Problem requirements: Under this line sits a listing. Repeat exactly and only its lines from the one holding "D. En el apartado" through the one holding "Слайд 25Показатели эффективности"; skip pictures.
----- Material provided
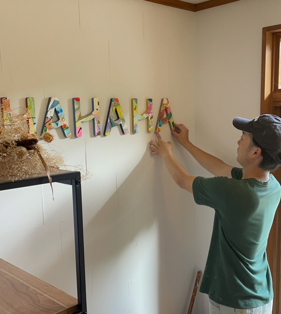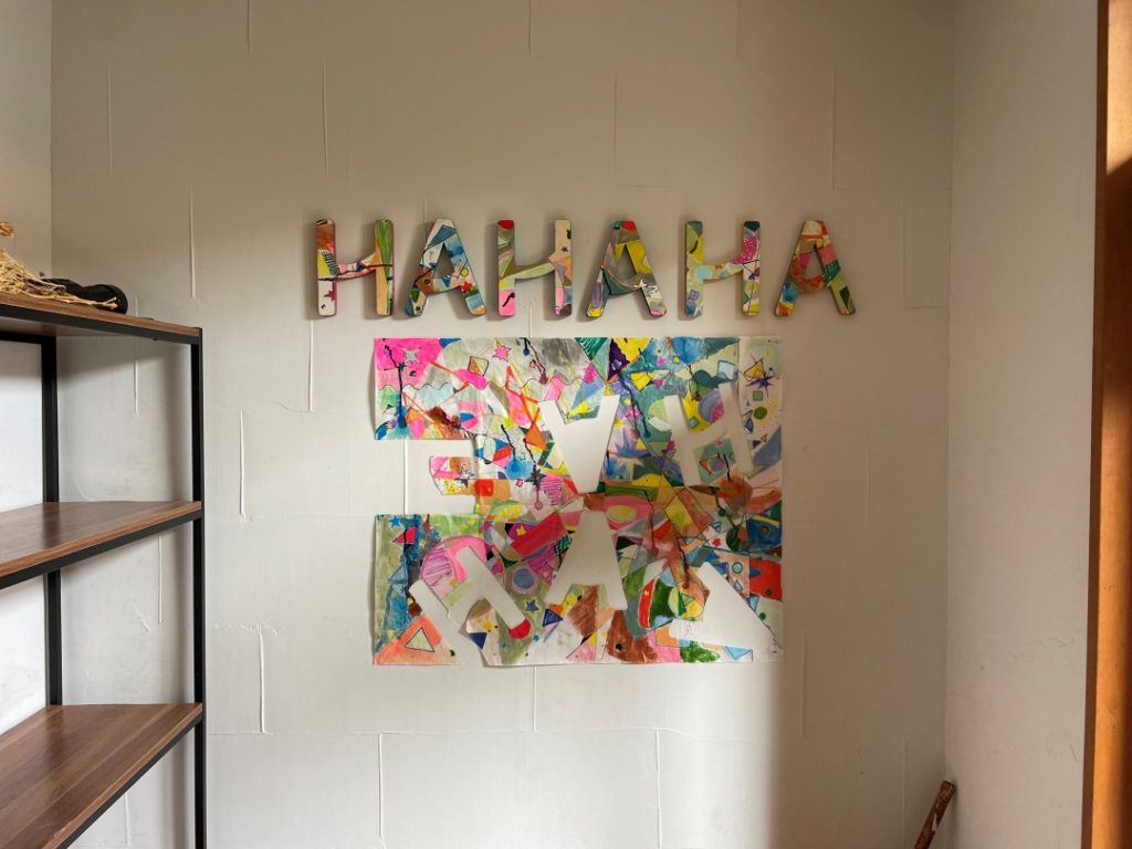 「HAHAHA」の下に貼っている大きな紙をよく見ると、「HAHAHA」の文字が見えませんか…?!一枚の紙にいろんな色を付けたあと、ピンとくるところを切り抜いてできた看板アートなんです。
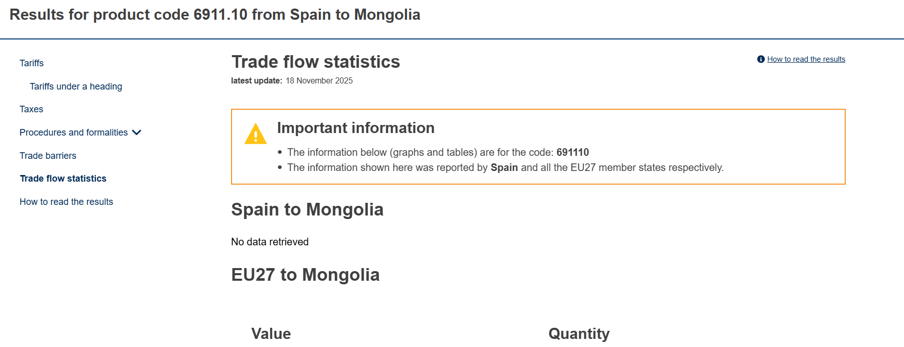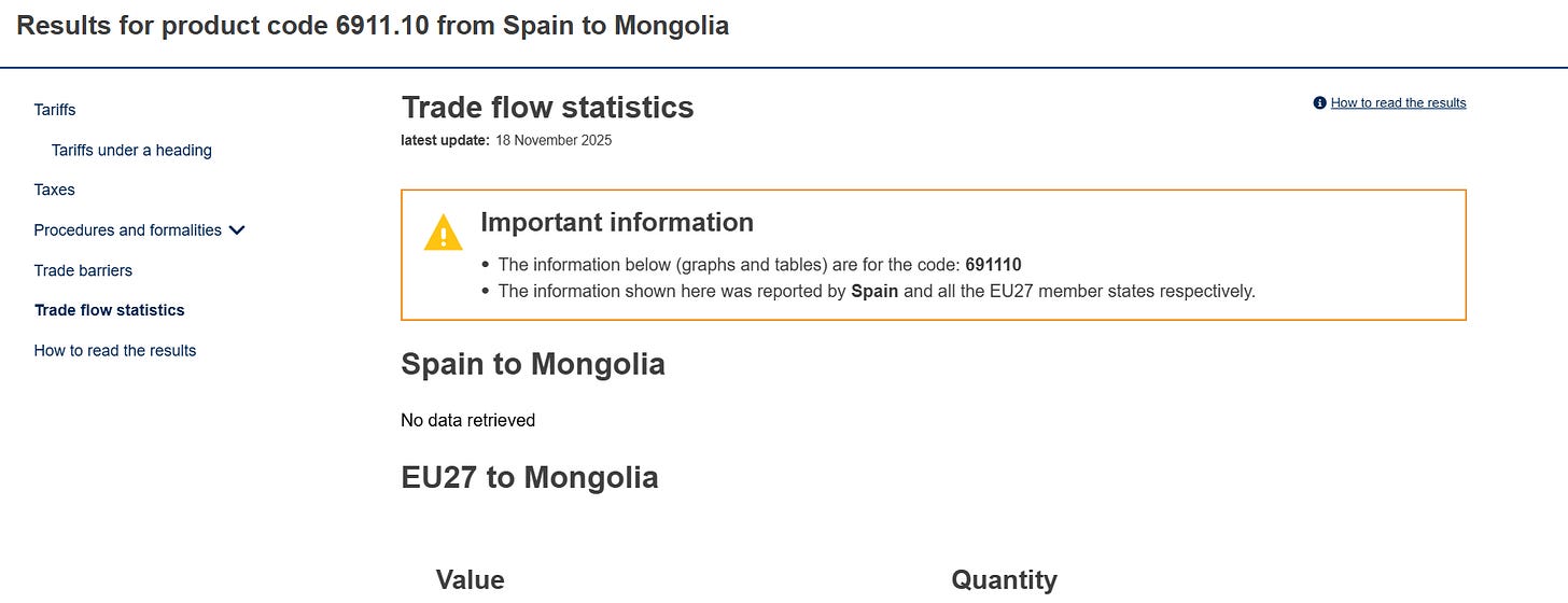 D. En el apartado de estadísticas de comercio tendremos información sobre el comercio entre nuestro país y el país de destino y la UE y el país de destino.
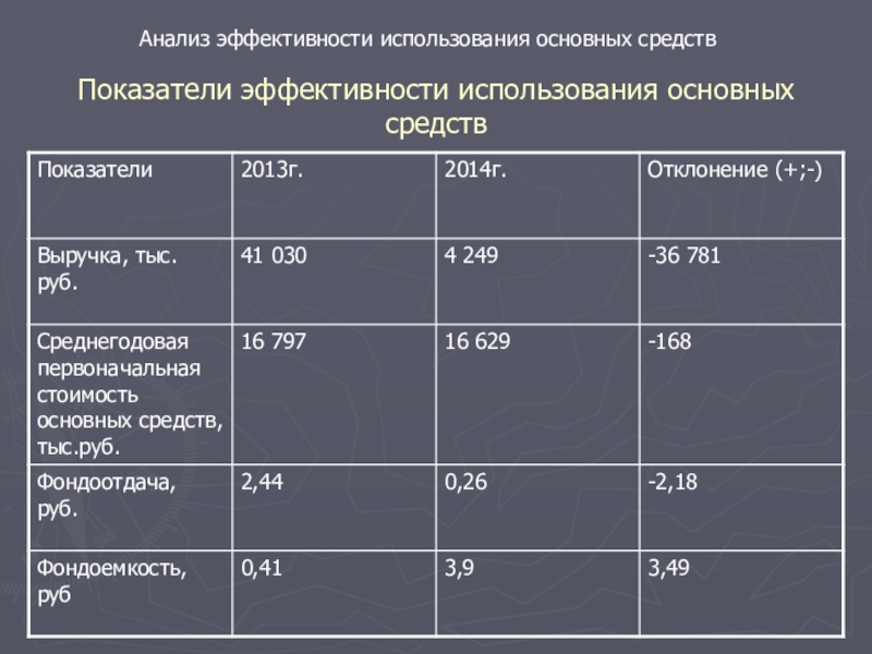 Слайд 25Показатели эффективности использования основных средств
----------
----- Material provided
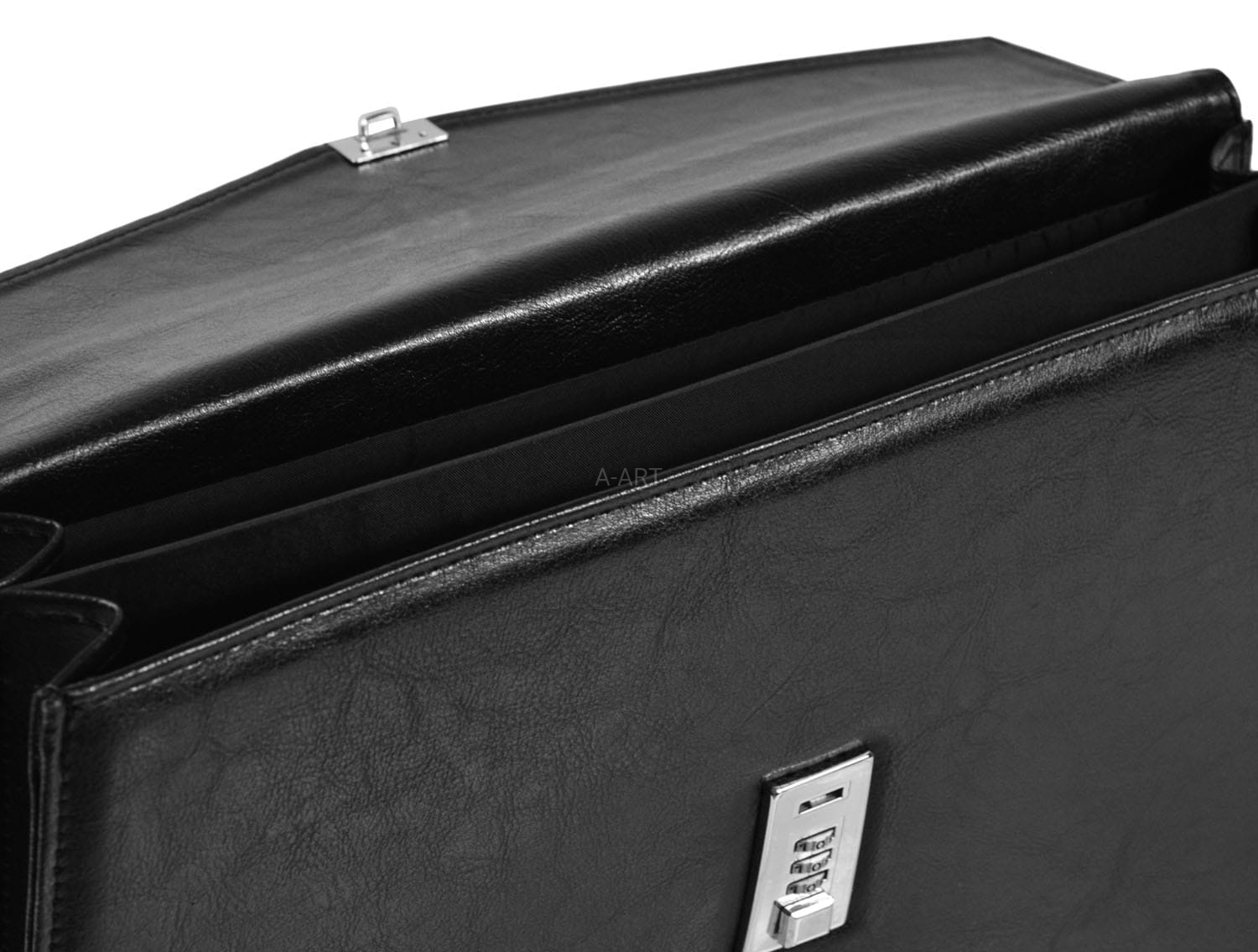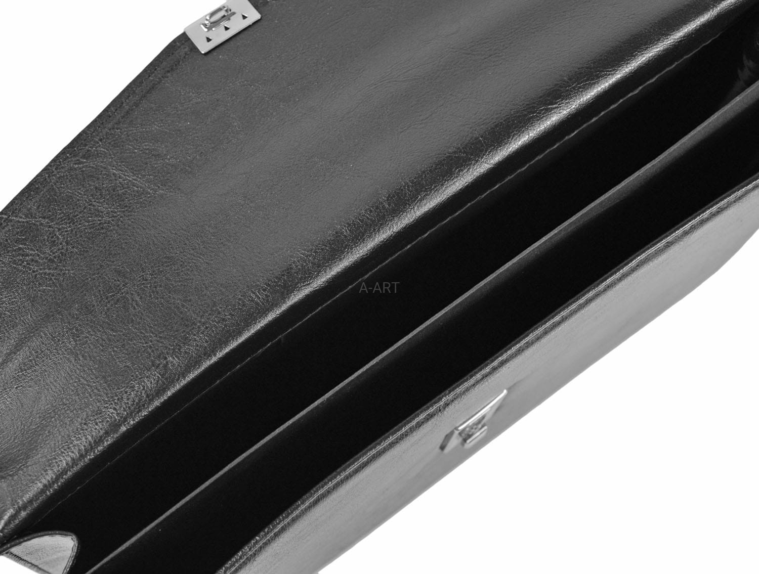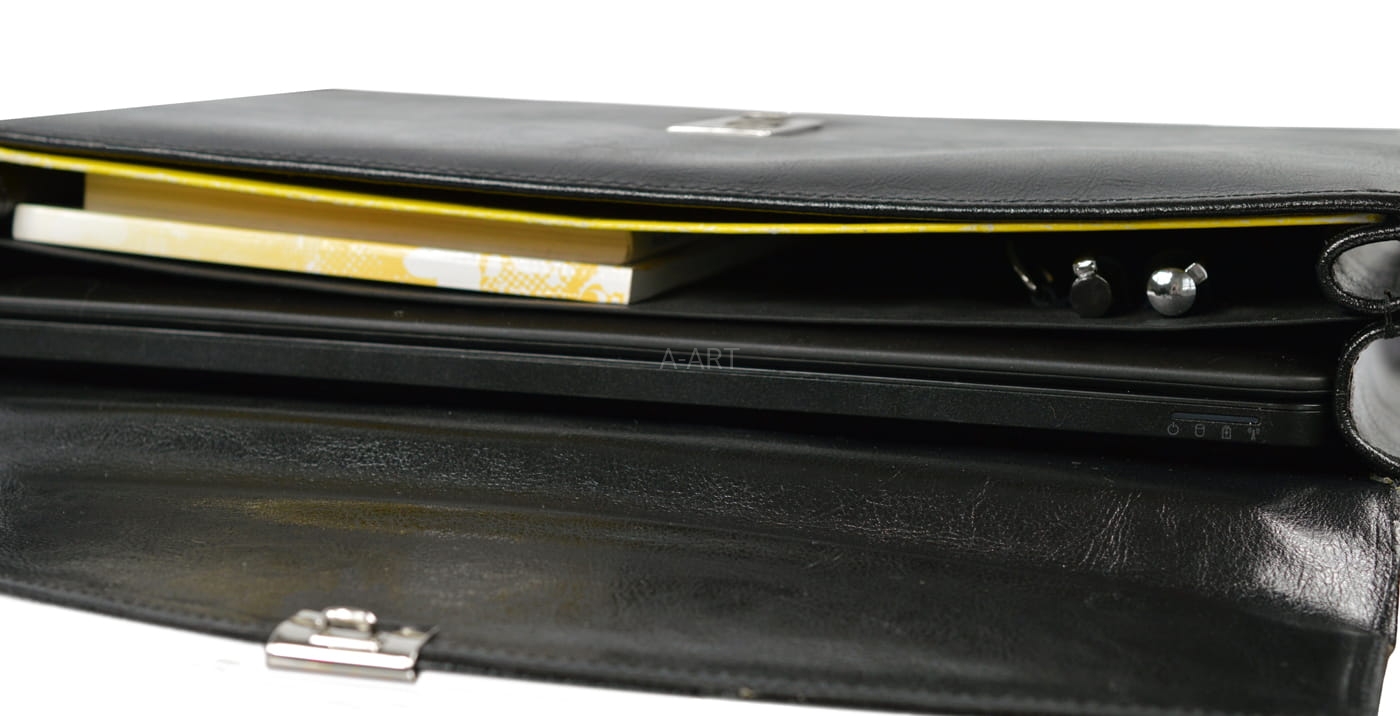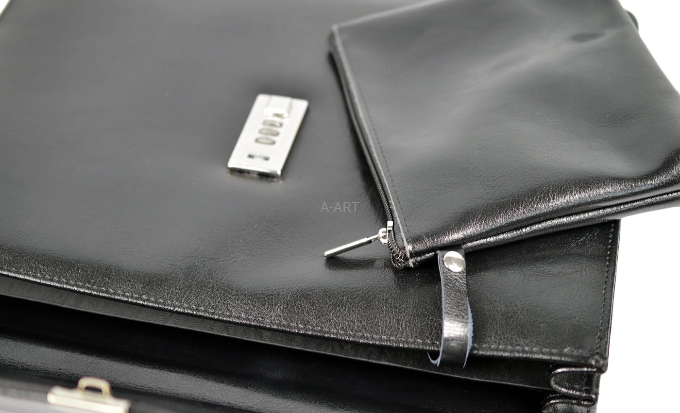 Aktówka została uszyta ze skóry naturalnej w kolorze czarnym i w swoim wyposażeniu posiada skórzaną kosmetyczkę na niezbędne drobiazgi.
----------
Output of the task:
 D. En el apartado de estadísticas de comercio tendremos información sobre el comercio entre nuestro país y el país de destino y la UE y el país de destino.
 Слайд 25Показатели эффективности использования основных средств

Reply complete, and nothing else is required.